Even now, Pontius Pickles has not declared his hand. He is merely saying he has been asked to call the scheme in for public inquiry and has stopped it while he considers whether to do so. There are overwhelming reasons why he should.
First is national policy: the Welsh streets scheme is publicly funded and against the stated policy of refurbishment. Second, it represents managed decline, not growth. Third, there is substantial controversy around it. Fourth, knocking down perfectly good houses violates the principle of sustainability. Fifth, there is cross-boundary interest - there are zombie schemes like this in Bootle and Gateshead that also deserve a bullet through the brain.

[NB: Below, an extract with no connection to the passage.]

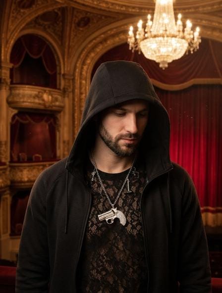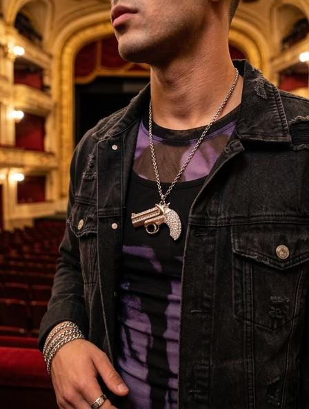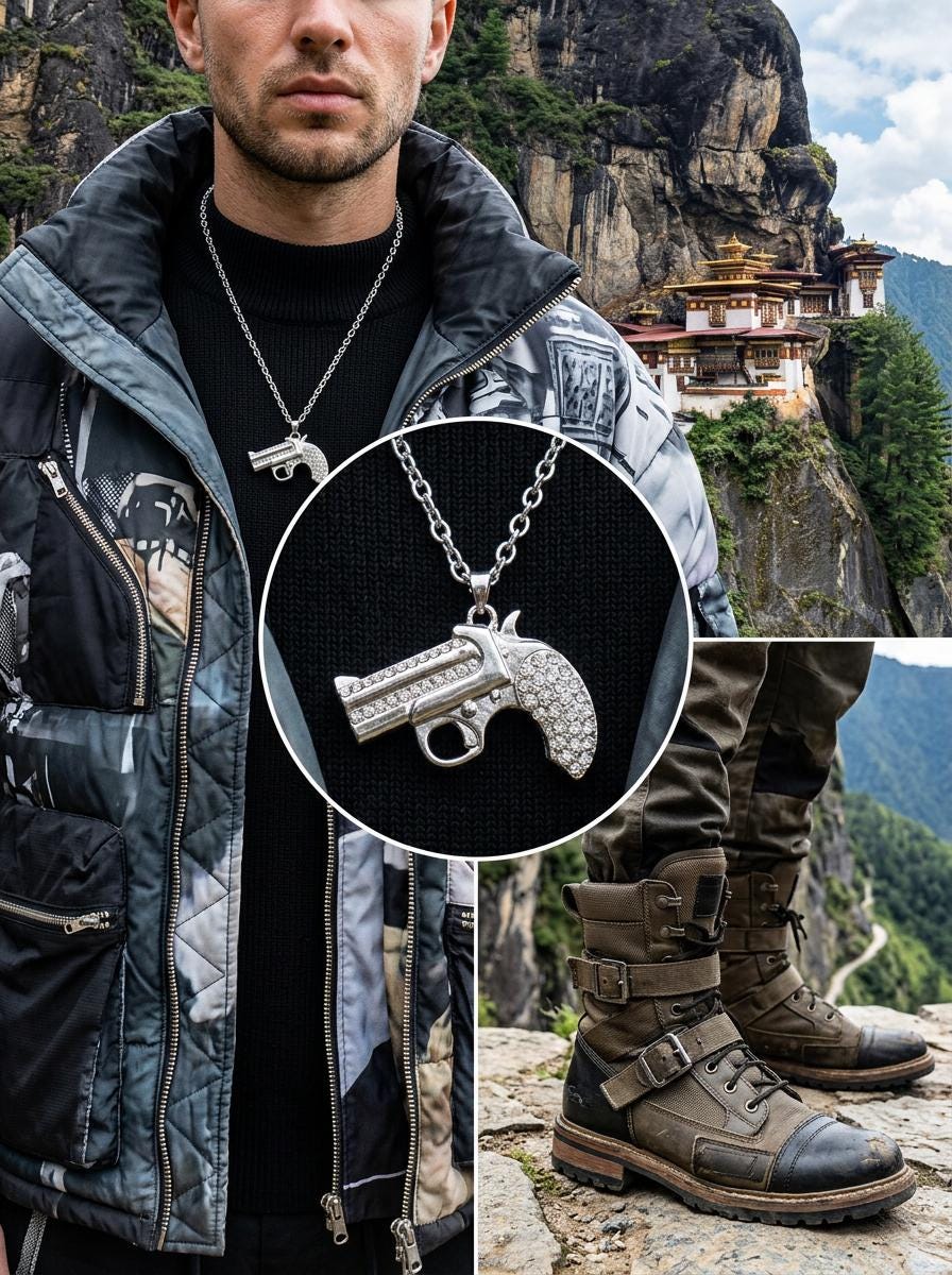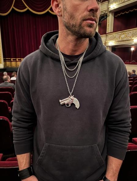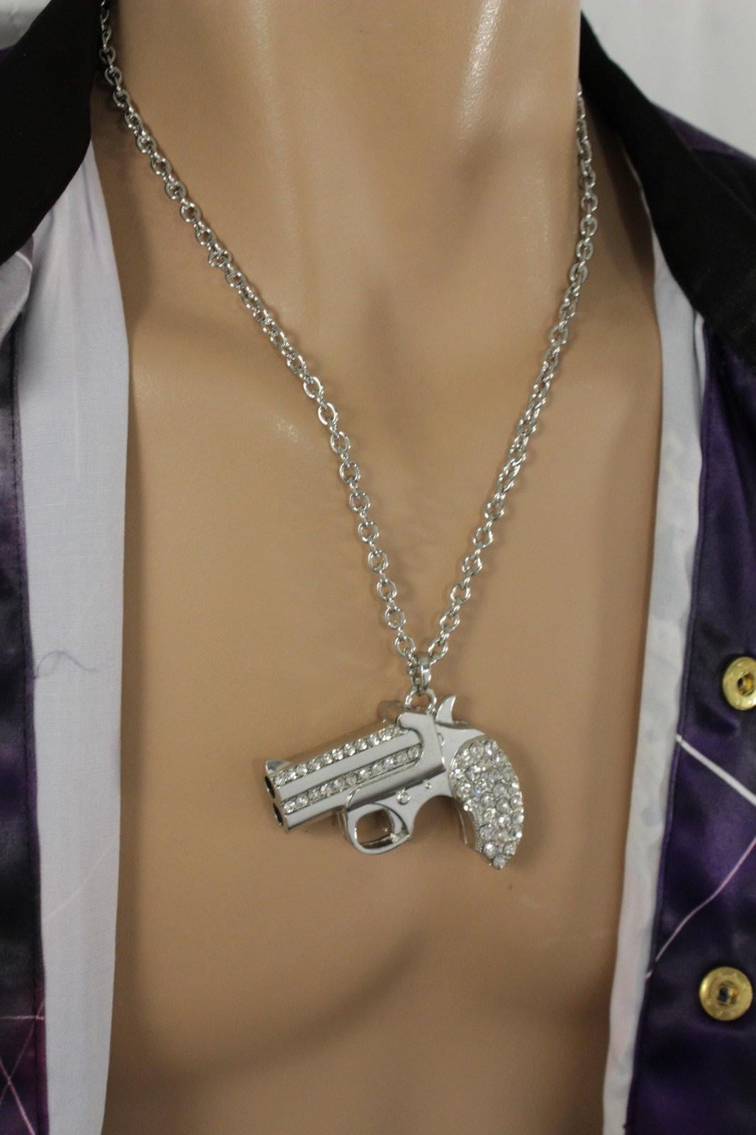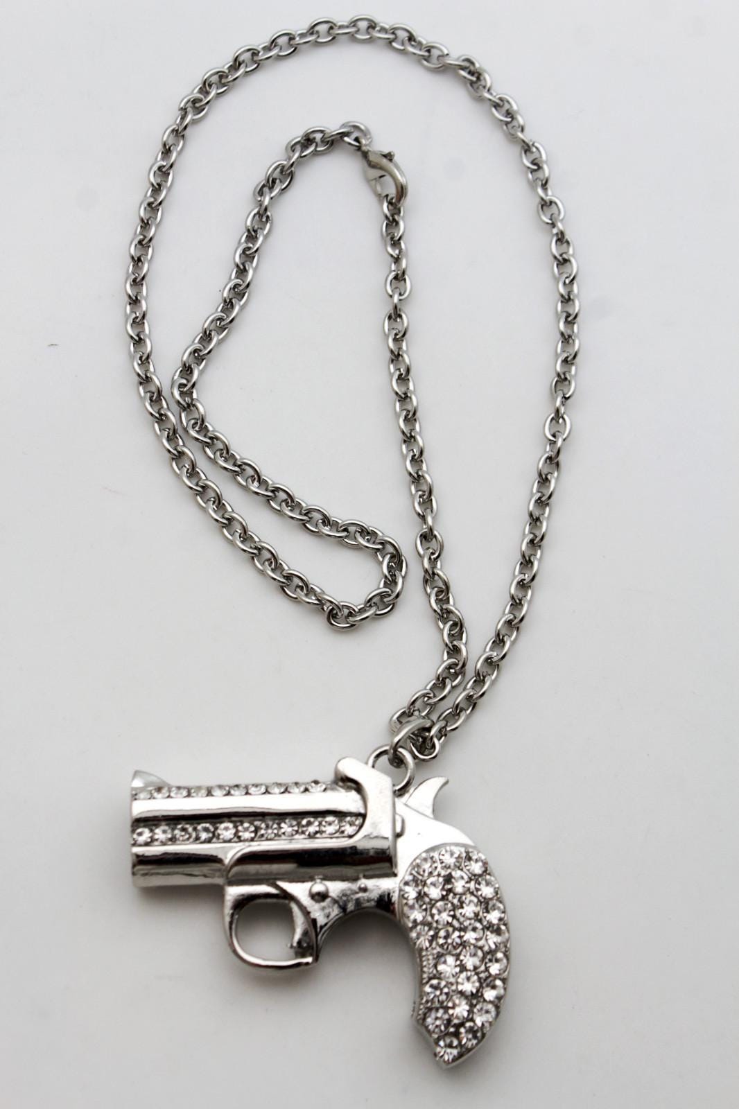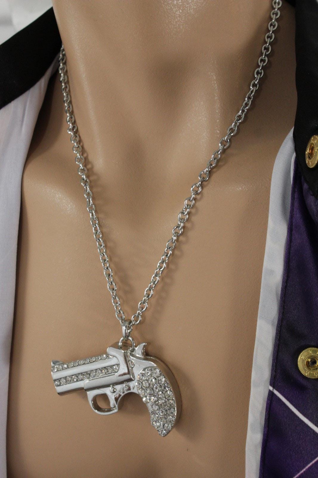 This silver-tone statement necklace is made for outfits that want a little more attitude and a lot more personality. The bold revolver-inspired pendant is finished with clear rhinestones for extra shine, giving the piece a flashy, fashion-forward look that stands out in photos, at concerts, on stage, or with everyday streetwear styling.

Pickles may be about to give us the heavyweight wrestling spectacle that the country deserves. He should use the threat of a public inquiry to get Anderson to do what he has received plentiful publicity by doing elsewhere. When Liverpool decided to give away 20 terraced houses for £1 each to people who undertook to do them up and live there for five years, it was overwhelmed by 4,000 applications. Pickles has the power to make Liverpool do that with the 440 homes in the Welsh streets instead of leaving them in the hands of Plus Dane, an unaccountable, publicly funded housing association.
Pickles has a last chance to take his own advice and reach over the heads of the tyrants in the town hall. He is right that "localism is not, and has never been, exclusively about giving powers to local authorities".
He should strike against the culture of devising grandiose schemes to attract public money, which has resulted in so much blight, division and misery. Power, in begging-bowl cities such as Liverpool, lies in keeping hard assets such as bricks and mortar in public ownership.
Is Pickles big enough to sap the zombies' power by giving those assets back to the people?